PHOTO CREDIT: Henry Diltz/Corbis
I will not examine River forensically as, I believe, one needs to hear the song and simply hear it. In any case; it is Mitchell’s most-recorded song and an incredible portrait. One of those songs that elevated her above her peers and showed why there was/is nobody like Joni Mitchell. A Case of You, many have theorised, is about her time with Graham Nash. The ingénue Canadian artist and the British musician Graham Nash seem like an unlikely match but, it seemed, shared more in common than most married couples do. A lot of the lines hint at origin and truth:
“Oh you are in my blood like holy wine/You taste so bitter/and so sweet, oh/I could drink a case of you darling and I would/Still be on my feet/Oh, I would still be on my feet”.
The Last Time I Saw Richard, could I guess, could be about her brief marriage to Chuck Mitchell.
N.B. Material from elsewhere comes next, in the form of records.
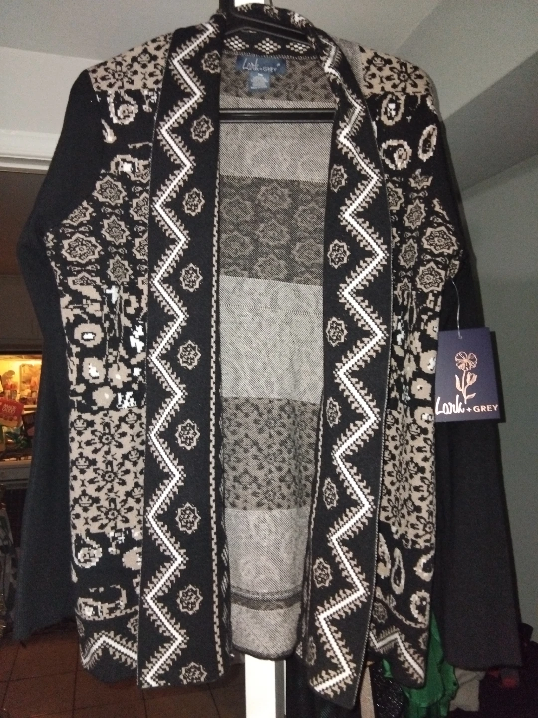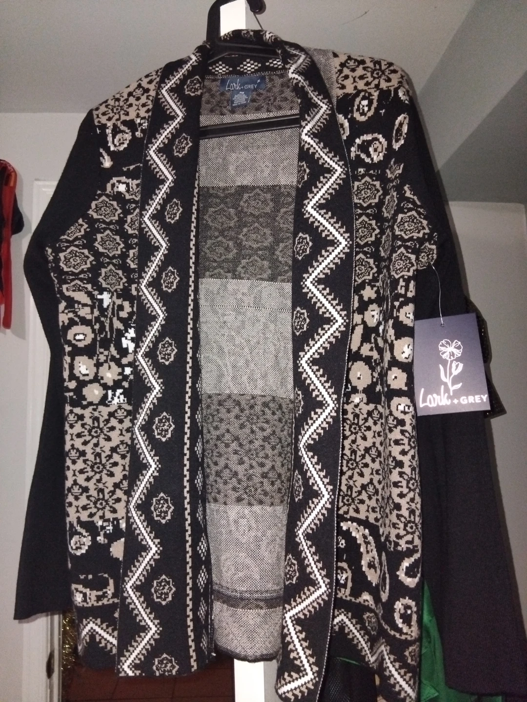 Selling a cardigan from Lark + Grey. It features a unique pattern and design, perfect for adding a touch of style to any outfit. It's brand new and ready for a new home!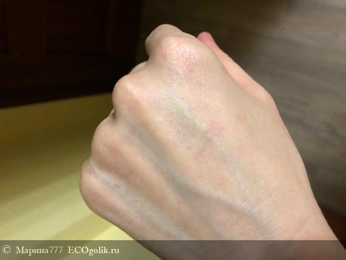 После нанесения есть ощущение что увлажнения не хватает, хочется на лицо нанести что-то еще, причем если потрогать лицо руками, то отчетливо ощущается жирное присутствие крема и становится понятно, что наносить дальше некуда. Вот даже на фото на руке видны переливания крема и его неспособность нормально впитываться.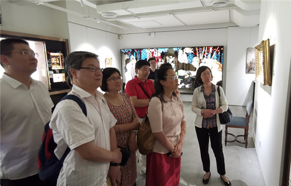会后,社区委一行还参观了陈伟德玻璃艺术工作室。区政协委员彭阳热情接待,并在展室做艺术玻璃专题普及讲座。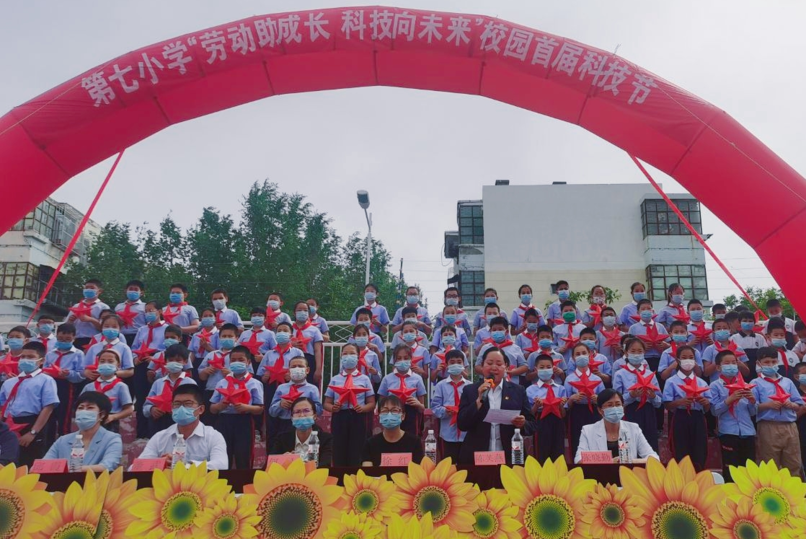 科技初心賦創新,助力勞動絢麗花。5月12日,克拉瑪依市第七小學全體師生共同迎來了首屆科技節開幕式。本屆科技節的主題是“勞動助成長,科技向未來”??萍脊濋_幕營造了濃厚的學科學、愛科學、用科學的校園氛圍。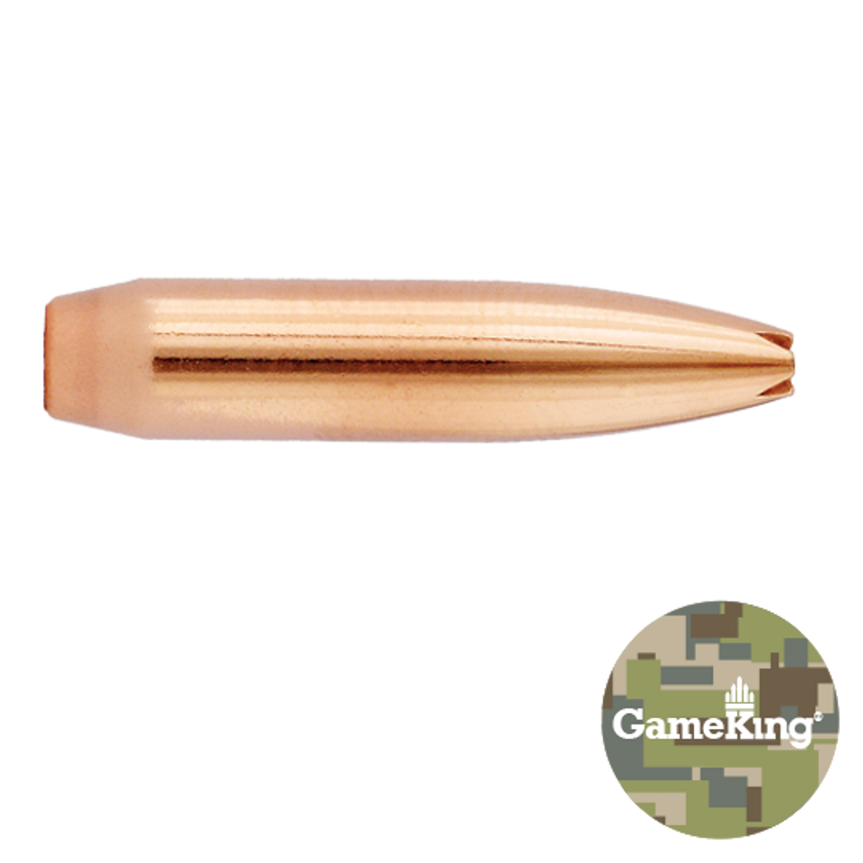 Customers have been asking us for years to make a 6.5 mm and 7 mm version of our very popular 30 caliber 165 grain HPBT GameKing and we are happy to say we have fulfilled that request. Just like their 30 caliber cousin, these bullets will be ideal for midsized game with standard and magnum calibers. The thicker jacket promotes deep penetration while the skives at the meplat provide reliable expansion.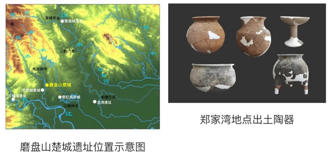 2025年6—11月,湖北省文物考古研究院联合多单位对磨盘山遗址郑家湾地点发掘,首次确认该遗址为春秋时期楚国城址,城址平面近似方形、周长8.5千米、城内总面积约4.8平方公里,东城垣依山而建,其余三面环古漳河,形成“一面依山、三面环水”的防御格局。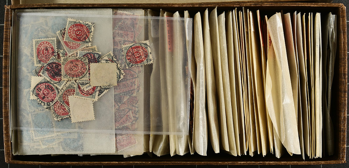 A chaotic holding of used, off paper, from the first half of the 20th century "Ore" issues to about 1950. Sometimes sorted by stamp, sometimes by issue, sometimes not at all, in about 100 old glassine envelopes that give no clues as to their contents. Lots of range, mostly more common material with many "Coat of Arms", wavy-line numerals, and King Christian X issues. Includes some multiples. Substantial duplication. Substantial cancel potential as every envelope seems to have lots of readable cancels. Presumably not checked against Facit for printing variants. Fills a medium sized file-card box. Estimate =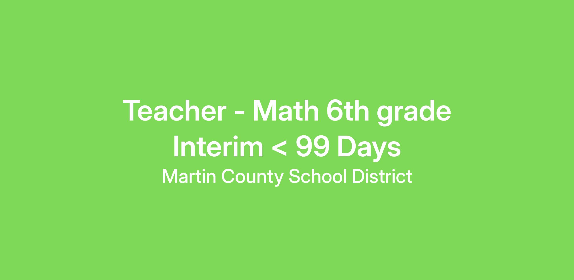 Teacher - Math 6th grade Interim < 99 Days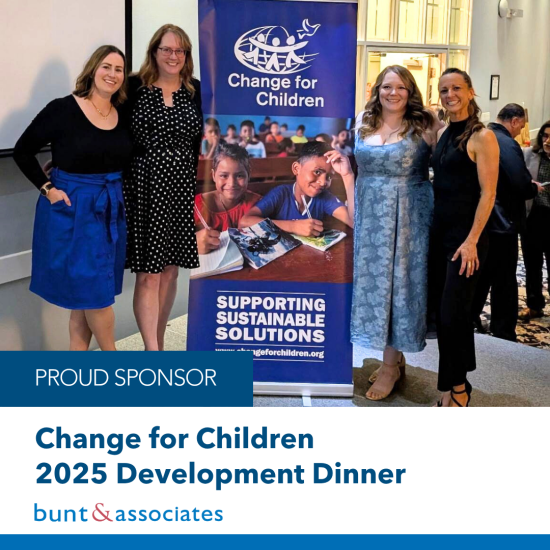 Bunt & Associates was proud to once again sponsor our long-standing charitable partner, Change for Children, at their Development Dinner on September 27, 2025. Janelle Willis, Catherine Oberg, Alyssa Lefebvre, and Nicole Farn from our Edmonton office had a wonderful evening celebrating the inspiring work of Change for Children.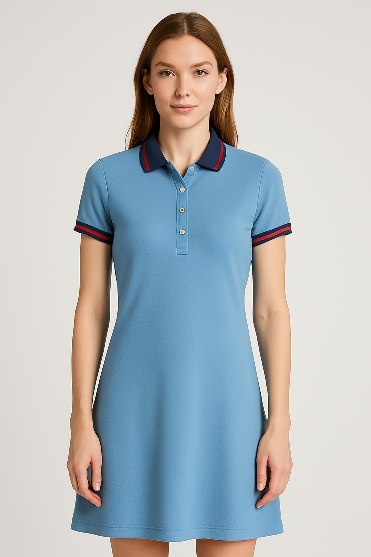 Kadın Polo Yaka Kısa Kol Elbise İndigo (4420000261922)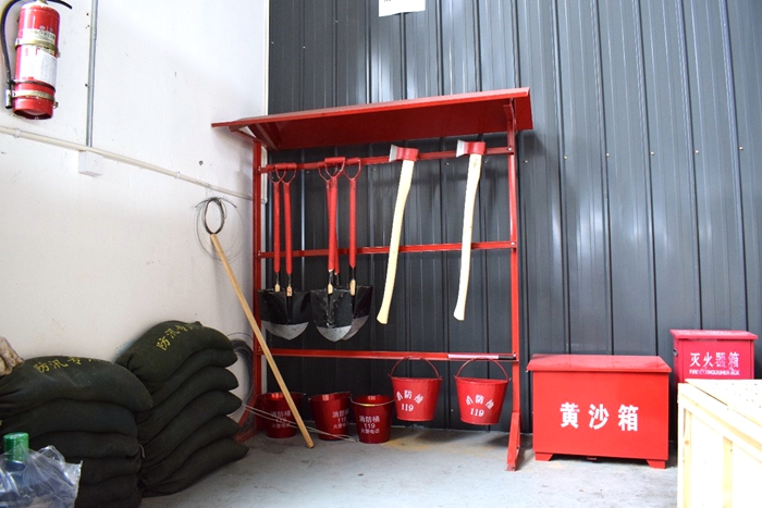 检查时发现,料库材料堆放有序,做到了分专业分类堆放,附有标识牌,并按规定注明了材料名称、数量、进场时间、生产厂家等。对于现场回收的废料,也做好了统一的收集整理。为确保材料的安全性,料库分别在东南西北四个方向安装了摄像头,实现了全方位监控。同时,料库按规定配备了消防灭火工具和防汛物资,能满足防火防汛的要求。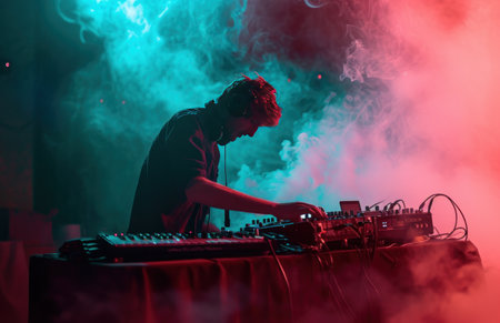 dj in smoke by neon light.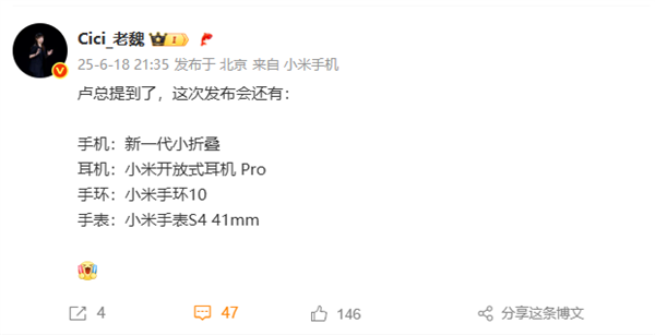 可穿戴新品也很丰富,包括小米AI眼镜、小米开放式耳机Pro、小米手环10、小米手表S4 41mm。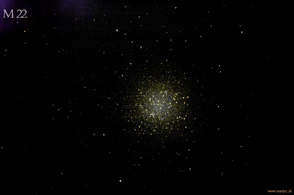 Messier 22 (auch als NGC 6656 bezeichnet) ist ein +5,10 mag heller Kugelsternhaufen mit einer Flächenausdehnung von 24' x 24' im Sternbild Schütze. M22 ist einer der hellsten Kugelsternhaufen überhaupt und schon mit bloßem Auge als sternartiges Objekt zu sehen, und daher trotz seiner südlichen Position für Beobachter in Mitteleuropa schon im kleinen Teleskop attraktiv.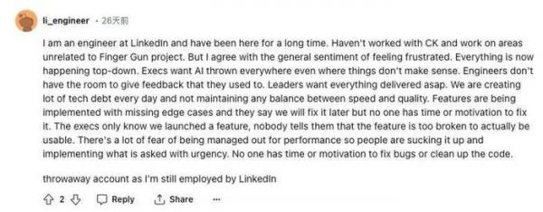 对于 Chris Krycho 描述的问题,一位网友用了一次性账号做了如下评论:“我是一位在 LinkedIn 工作多年的工程师。虽然没有与 Chris合作过,但我完全理解并认同文中所表达的挫败感。如今,LinkedIn 的管理模式已变得愈发自上而下...... 为了尽快交付功能,LinkedIn 内部弥漫着一种急功近利的氛围。这种浮躁的心态导致了大量技术债务的积累,速度与质量之间的平衡荡然无存。新功能的开发往往忽略边缘情况,留下许多漏洞和缺陷。尽管承诺会进行修复,但最终却不了了之。高层只知道我们上线了新功能,没人告诉他们这些功能烂到根本无法使用。在绩效考核的压力下,工程师们只能忍气吞声,疲于奔命地完成一项项任务。他们无暇顾及代码的质量和可维护性,长此以往,技术债务只会越积越厚。”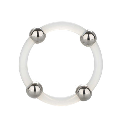 Made to enhance, escalate and intensify ecstasy every time you slip on the Large Steel Beaded Silicone Ring. The sturdy, yet stretchy silicone ring supports while the steel pleasure beads thrill you and your lover. The ultra stretchy and comfortable ring is sure to enhance pleasure by increasing stamina, sensitivity and girth. Look forward to an explosive pleasure experience with every teasing stroke of the steel pleasure beads. This strong, supportive ring indulges your man with increased stamina, girth and sensitivity, while you can savour his increase stamina and girth, the thrilling stimulation beads tease you towards an orgasmic wonderland. The passionate pleasure ring is made of silicone and stainless steel pleasure beads.The large ring has a diameter of 2 Inches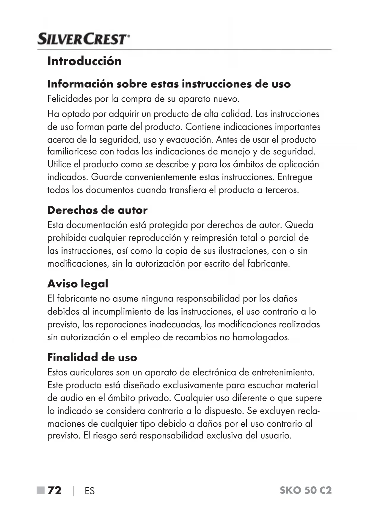 ES Introducción Información sobre estas instrucciones de uso Felicidades por la compra de su aparato nuevo. Ha optado por adquirir un producto de alta calidad. Las instrucciones de uso forman parte del producto. Contiene indicaciones importantes acerca de la seguridad, uso y evacuación. Antes de usar el producto familiaricese con todas las indicaciones de manejo y de seguridad. Utilice el producto como se describe y para los ámbitos de aplicación indicados. Guarde convenientemente estas instrucciones. Entregue todos los documentos cuando transfiera el producto a terceros. Derechos de autor Esta documentación está protegida por derechos de autor. Queda prohibida cualquier reproducción y reimpresión total o parcial de las instrucciones, así como la copia de sus ilustraciones, con o sin modificaciones, sin la autorización por escrito del fabricante. Aviso legal El fabricante no asume ninguna responsabilidad por los daños debidos al incumplimiento de las instrucciones, el uso contrario a lo previsto, las reparaciones inadecuadas, las modificaciones realizadas sin autorización o el empleo de recambios no homologados. Finalidad de uso Estos auriculares son un aparato de electrónica de entretenimiento. Este producto está diseñado exclusivamente para escuchar material de audio en el ámbito privado. Cualquier uso diferente o que supere lo indicado se considera contrario a lo dispuesto. Se excluyen recla- maciones de cualquier tipo debido a daños por el uso contrario al previsto. El riesgo será responsabilidad exclusiva del usuario.SKO 50 C2 ES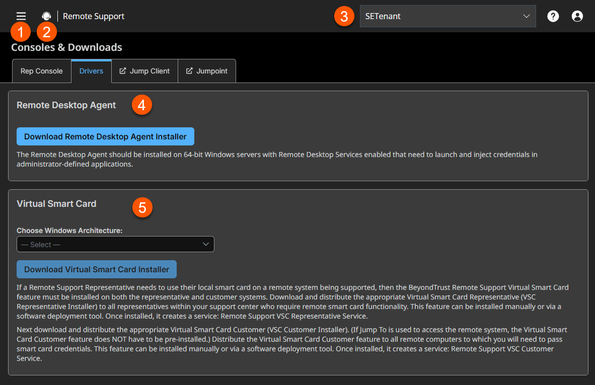 The Drivers tab gives you access to downloaders for the Remote Desktop Agent and virtual smart cards.

One of the advantages of the ‘Internet age’ is one can learn about these songs and become more involved with the music. It is great interpreting and having your own ideas but, knowing where these fantastic pieces of music originated, provides a much deeper and more educated aspect. I listen to Blue and am hit by the emotion, exceptional vocals and stunning compositions of each. The sheer sophistication and beauty of her music – especially on Blue - set Mitchell aside from her peers. She is, forty-six years after Blue’s release, one of the finest writers in music and constantly compels and inspires young songwriters emerging. I know so many and, before leaving this piece, wanted to distil what Blue means to me – and why it is an essential vinyl purchase everyone should have. One can, in all good record shops, finds Blue and get it for a reasonable price. The optimum listening environment is, as I said, alone in a room with eyes half-closed – the way one would do when bathed in the hazy sunshine of a summer afternoon. It does not matter if it’s after-dark or enveloped in the bright light of the day.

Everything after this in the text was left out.